AI pioneers call for guardrails on ‘autonomous AI’

George Lawton Profile picture for user George Lawton October 26, 2023
Summary:
AI pioneers Yoshua Bengio and Geoffrey Hinton, along with 23 other academic researchers, have called for ‘urgent governance measures’ to protect society against the danger of ‘Autonomous AI.’ They argue national institutions need strong technical expertise and the authority to act quickly.

rails

Yoshua Bengio and Geoffrey Hinton are sometimes called the “Godfathers of AI” for their steadfast belief and ongoing work to prove that neural networks had a future despite pushback from others in the early ‘90s. Now, they, along with 23 other academic researchers, are calling for urgent action in an open letter.

Given the stakes, they are calling on major tech companies and public funders to allocate at least one-third of their AI R&D budgets to ensure safety and ethical use. They also want regulators to have more oversight and control of autonomous AI systems. 

The letter starts off elaborating on many other risks and ethical concerns raised by researchers for some time. Powerful AI could amplify social injustice, erode social stability, amplify misinformation, and enable large-scale criminal or terrorist activities. 

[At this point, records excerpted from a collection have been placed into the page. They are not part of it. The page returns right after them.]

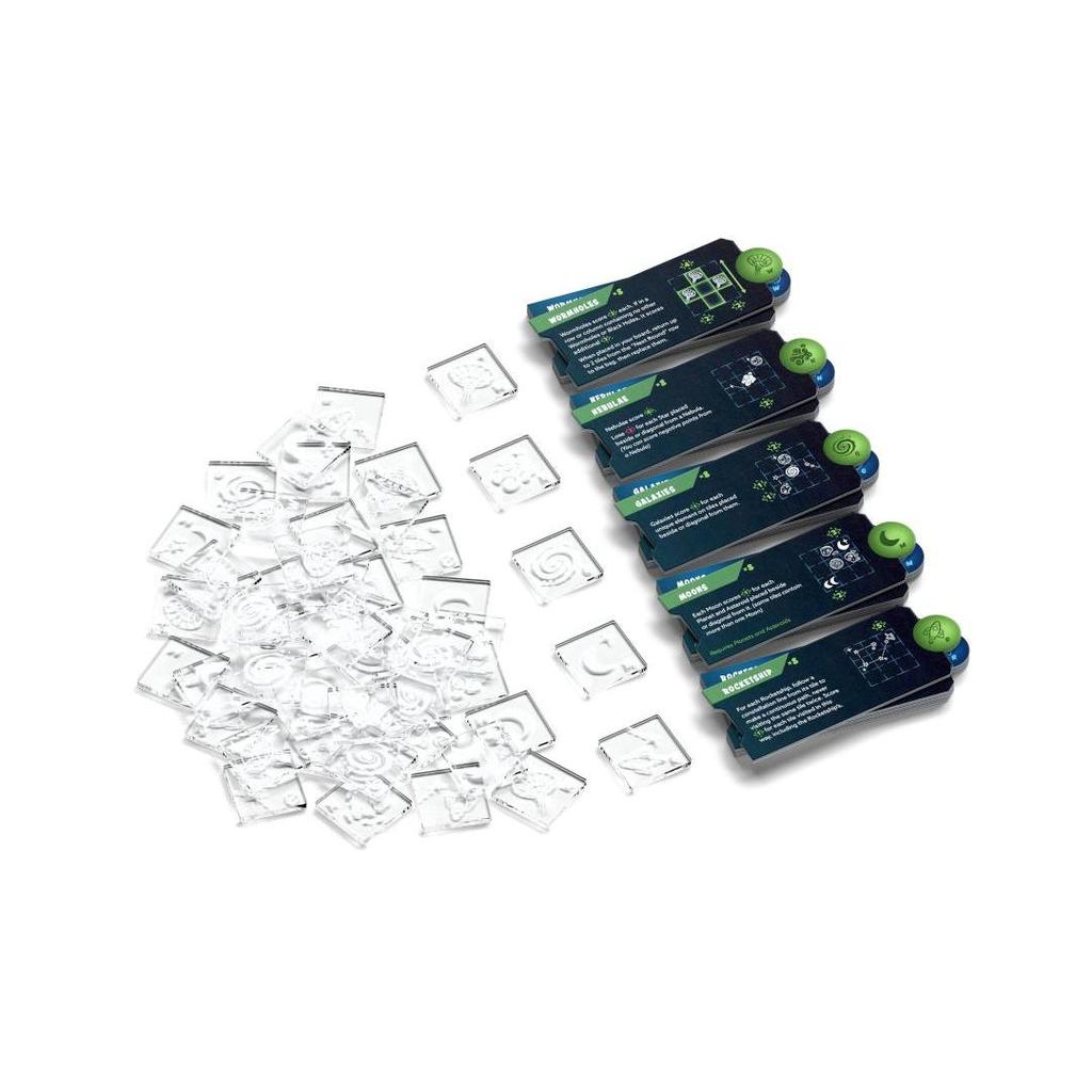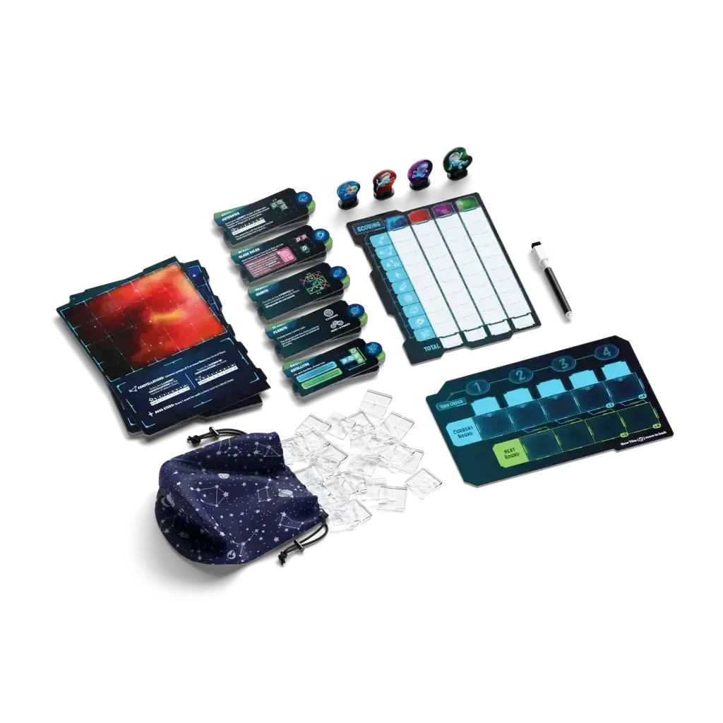 Draft clickity-clackity, transparent tiles to fill your star chart and explore the universe. You'll connect Constellations, build belts of Asteroids, and study your Satellites with the game's modular scoring system. Be careful of those pesky Black Holes—that is, unless you've got the perfect place to put them!
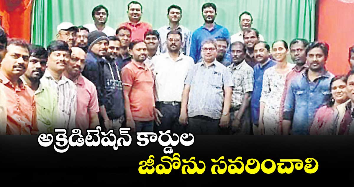 అక్రెడిటేషన్ కార్డులు, మీడియా కార్డులకు ఒకే రకమైన సంక్షేమ పథకాలు ఉంటాయని అధికారులు చెప్తున్నారని.. అలాంటప్పుడు రెండు కార్డులు తీసుకురావాల్సిన అవసరం ఏమిటని వారు ప్రశ్నించారు. గతంలో ఇచ్చినట్టు వర్కింగ్ జర్నలిస్టులందరికీ అక్రెడిటేషన్ కార్డులను ఇవ్వాలని డిమాండ్ చేశారు. ఈ సమావేశంలో హెచ్యూజే అధ్యక్ష, కార్యదర్శులు బి.అరుణ్ కుమార్, బి.జగదీశ్, టీడబ్ల్యూజేఎఫ్ ఉపాధ్యక్షుడు బి.రాజశేఖర్, రాష్ట్ర కార్యదర్శి నవీన్, డబ్ల్యూఐజే రాష్ట్ర సెక్రటరీ రావికంటి శ్రీనివాస్, పలువురు సీనియర్ రిపోర్టర్లు పాల్గొని మద్దుతు ప్రకటించారు.
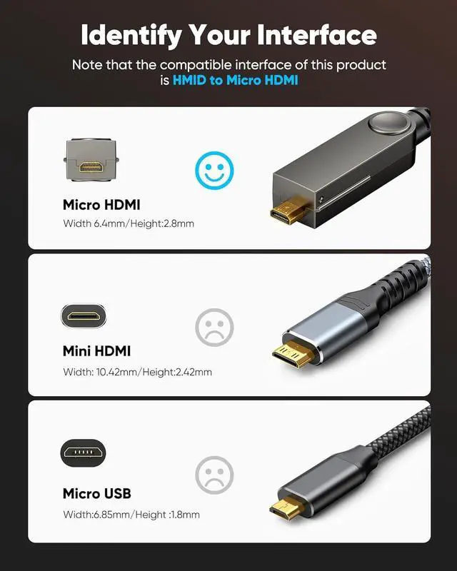 Note: This is Micro HDMI to HDMI, NOT Micro USB to HDMI. So it does not work with Samsung Galaxy S3 S4 S5 S7 or Kindle tablet without Micro HDMI Port.This micro hdmi cord cannot fit for Hero7 Silver & White (Without Micro HDMI Port)
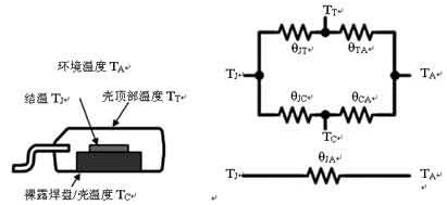 通過(guò)二極管的壓降和通過(guò)的電流,可以計(jì)算功耗;通過(guò)二極管的壓降可以查到結(jié)溫,根據(jù)功耗、結(jié)溫和器件裸露銅皮或與芯片內(nèi)部襯底相連的管腳的溫度,可以計(jì)算得到RθJC或RθJL。根據(jù)功耗、結(jié)溫和環(huán)境溫度,還可以計(jì)算得到RθJA。

But perhaps the most important new point is they argue that these risks could soon be amplified by autonomous AI that can plan, act in the world, and pursue goals. Whether or not you believe that advanced general intelligence is just around the corner, autonomous systems are here today. However, they have been relatively limited in scope, like driving cars, robotic process automation, self-healing IT systems, or reconfiguring IT systems. Enterprises have been actively pursuing these through concepts like hyper-automation for automating the automations for years. 

Now, the researchers argue, autonomous agents are quickly growing in capabilities to pursue more nebulous goals on their own. For example, ChatGPT was quickly adapted to browse the web, design chemistry experiments, use software tools, and contract with humans to defeat Captcha. It’s bad enough when ChatGPT hallucinates an inaccurate answer to a question, but what happens when its successors are collaborating to gain human trust, acquire money, and influence decision-makers? 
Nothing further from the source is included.